Currently, the only effective treatment for ALD is a bone-marrow transplant, Eichler told Live Science. But that requires a long, arduous wait for a compatible donor, and often results in complications such as graft-versus-host disease, in which the body attacks the transplant.
But with gene therapy, the risk of graft-versus-host disease is eliminated, because the boys can serve as their own cell donors, Eichler says.

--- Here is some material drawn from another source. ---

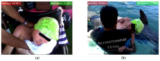 Method for obtaining EEG RAW samples. (a) ISCP patient At Rest or Before. (b) ISCP patient During a Dolphin-Assisted Therapy.

In the new study, published online Oct. 4 in The New England Journal of Medicine, Eichler and his team treated 17 boys ages 17 or younger with a single dose of the experimental gene therapy. When the researchers followed up on the boys two years later, 15 were functioning without any major disability or progression of their disease. The other two had died, one from a worsening of the disease and the other from complications of a donor transplant he got after he withdrew from the study.
For the gene therapy, the children had their own stem cells harvested from their blood rather than bone marrow. Then, scientists used a unique tool to infuse the cells in a lab with the healthy ABCD1 gene: a lentivirus made from a disabled form of HIV. The lentivirus acts as a "vector," carrying and inserting the healthy gene into the stem cell DNA.
"These vectors are kind of like living medicines," said Dr. David Williams, the chief scientific officer at Boston Children's Hospital and the senior author of the study. Once in the body, these altered blood stem cells constantly regenerate to keep treating the patient's disease. The advantage of using disabled HIV over other viral carriers is that HIV actually delivers the healthy gene more safely, without apparently altering any neighboring DNA, Williams told Live Science.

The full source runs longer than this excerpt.